Don’t underestimate the effort required. One hour of audio content can contain more than one thousand spoken words. The costs of transcription have sunk drastically due to modern AI technologies. If this content needs to be evaluated for a blog post or translated for subtitling purposes, human rather than artificial intelligence is required. This can cause costs to skyrocket, but it doesn’t have to. One thing that helps is
advance planning. Define the aims of your content project and only produce the content that is really needed. When it comes to video interviews, for example, time is money. Even if the work involved varies from case to case, we advise limiting expert interviews for preparing blog posts or white papers to 20 or 30 minutes. Not only your expert interviewee will be grateful if the interview is well prepared and the question catalogue is structured. When it comes to all further steps, from writing the text to – potentially – translation and analysis of the interview, every additional minute of interview costs time and money. For this reason,
it is best to obtain all these services from a single provider. Transcriptions, translations and subtitles are sometimes offered on the internet at dumping prices. Be careful, with low prices you run the risk of paying more in the end if you tender all services separately for the lowest bids.
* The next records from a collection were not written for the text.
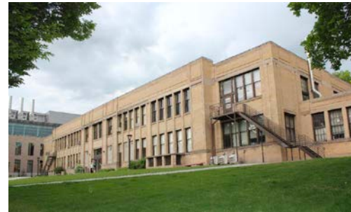
The 1919 William Stewart Building

The University of Utah requests approval to bond to cover donation funds that will be received over time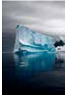
Majestic Iceberg I (v), Errera Channel, Antarctic Peninsula, Dec. 2007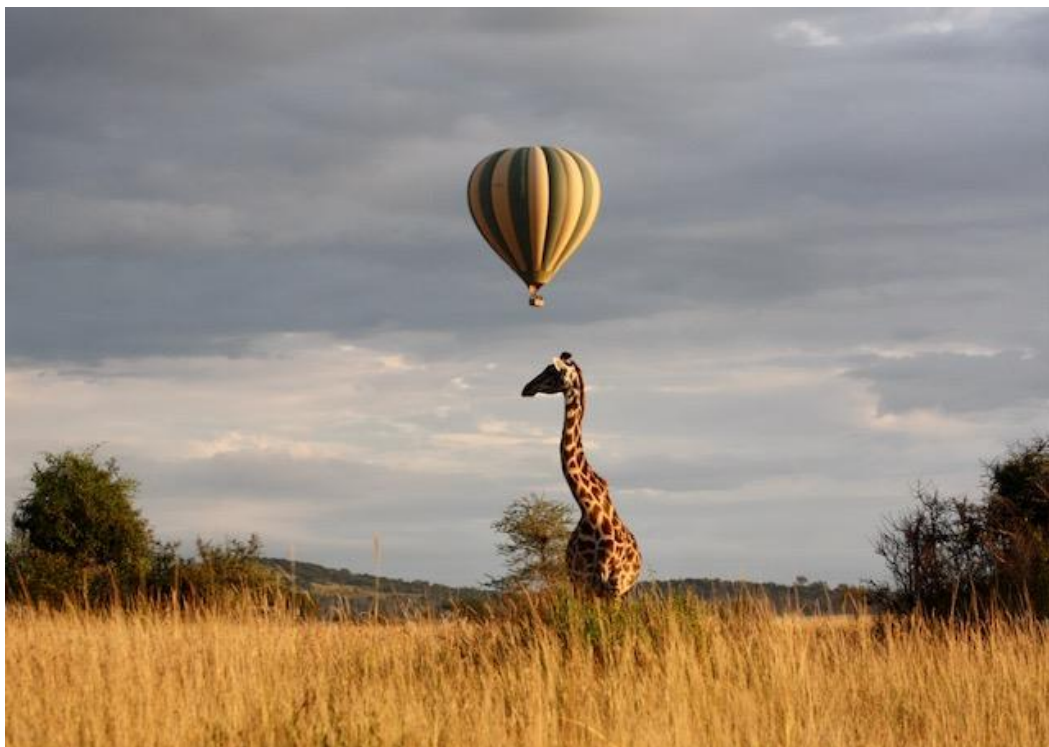
It has been good to see guests back and taking advantage of the opportunity to go hot air ballooning. The short rainy season provides spectacular sunrises and sunsets with the amount of moisture and clouds in the atmosphere.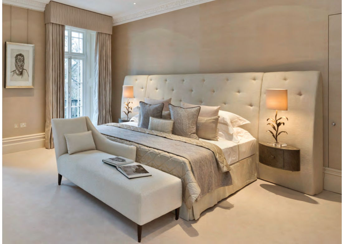
Private Sector. We work on projects ranging from small extensions to much larger new buildings.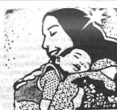
Give hail to your Queen. —Tiny baby unseen, That God from His glory did send! All Hail to the Queen! —To the mother unseen, All Hail to the mother of men! (See Letter No. 777:18.)

WE REALLY AGREE WITH THE LETTER "BLACK HOLES" (No. 726), especially the part that says Africa has had more light & that there are better Christians here than we have met in other parts of the world, especially America. The people here are simple & poor & are Christians more in deed. But they still have a battle between their traditional religions & their new-found Christianity. Demonism is rampant here. Most foreigners remark that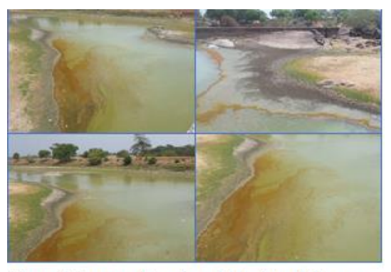
Figure 3. Sagamam Reserviour during Draught Season

Although, the local government authority called; Thirukkovil 'Pradeshiya Sabha' (PS) has initiated the bowser supply daily and weekly basis in order to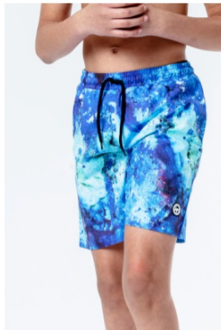
PRODUCT NO. YWF-329 HYPE SEA SPRAY KIDS SWIM SHORTS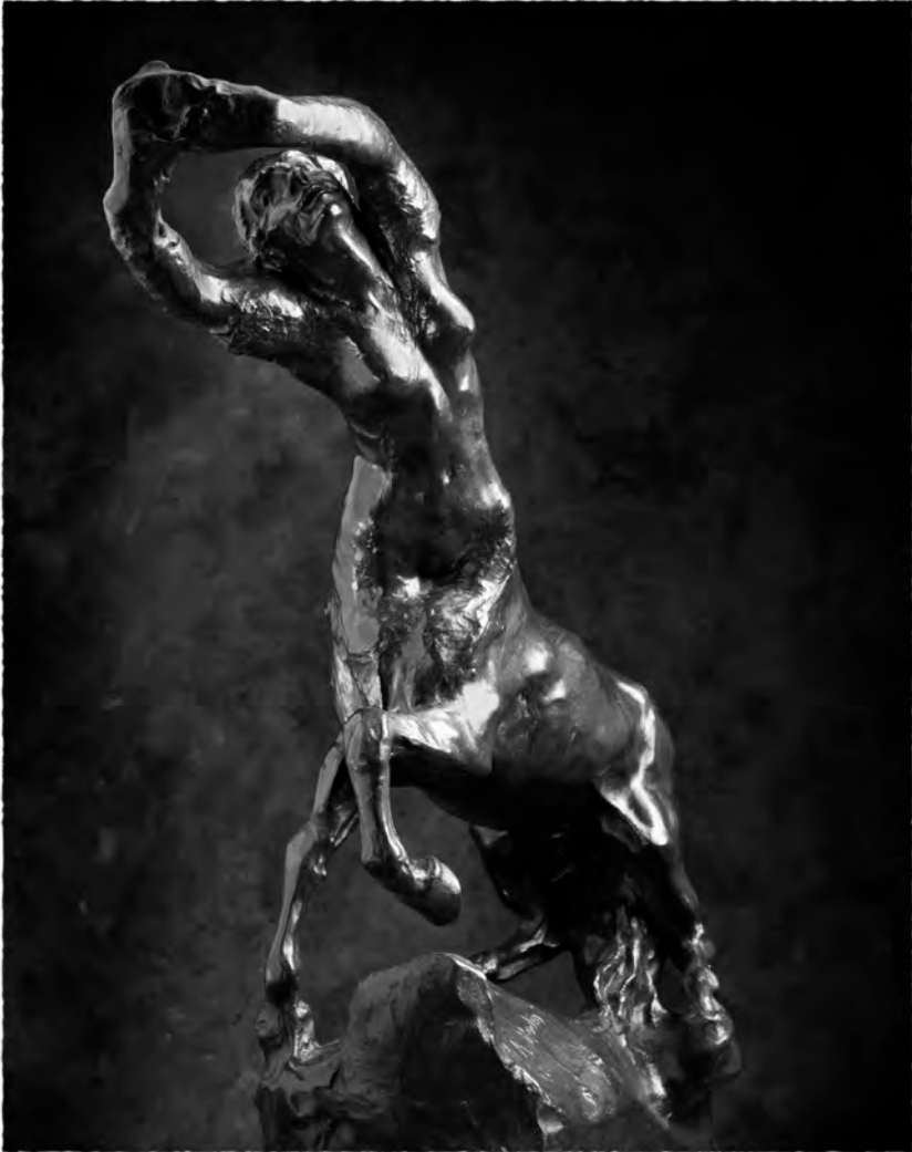
Female Centaur, Auguste Rodin (French, 1840 - 1917) The Los Angeles County Museum of Art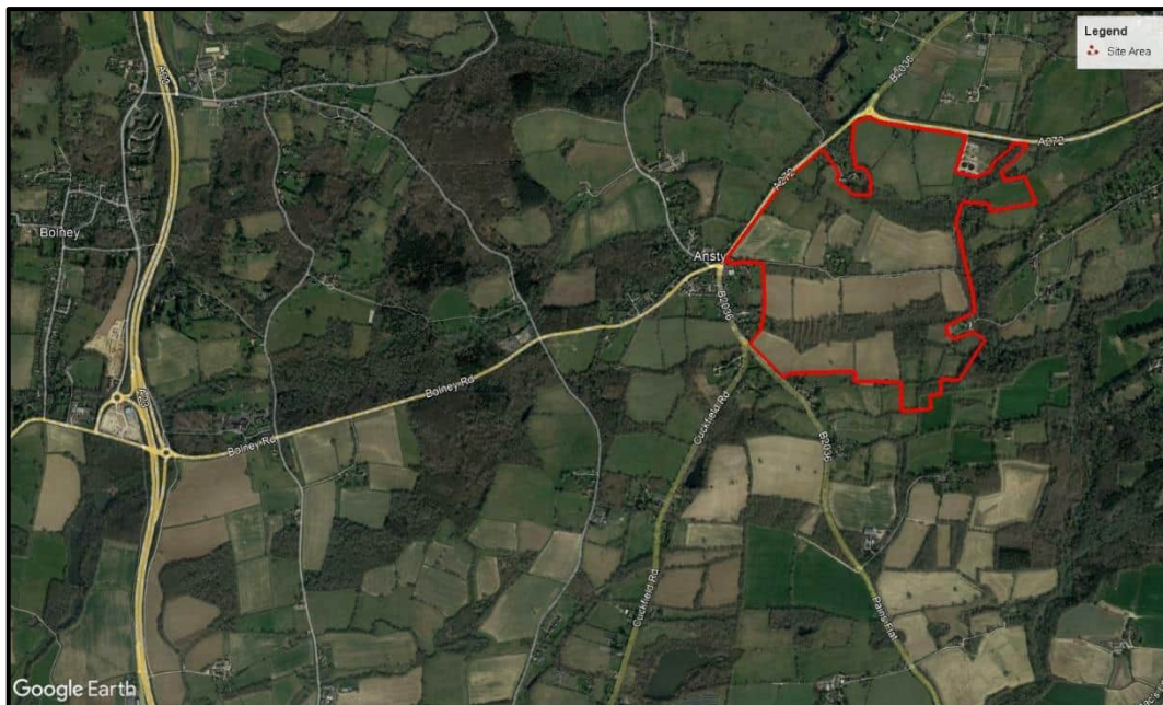
Figure 1.1: Site Location

This is because an agency dedicated exclusively to transcription or translation usually does not have the editorial expertise to plan sophisticated text projects with integrated speech recognition. Another important factor is
having optimal recording conditions: A low-noise environment and a reliable and fast Internet connection are the be-all and end-all for video and audio recordings that are going to be transcribed. Together with clear enunciation, they support the AI with transcription and significantly reduce the human correction workload. Wherever possible, strong dialects and accents – which can also be cost drivers in the transcription of content – should also be avoided.

In summary

Modern speech recognition makes complex text projects possible at a comparatively low price, something that only a few years ago would have required much more work. Video conferencing completely eliminates travel costs for interviews, and transcription costs have also fallen significantly. The best way to take full advantage of these benefits is through comprehensive and holistic editorial support. From the planning stages to the execution of content projects.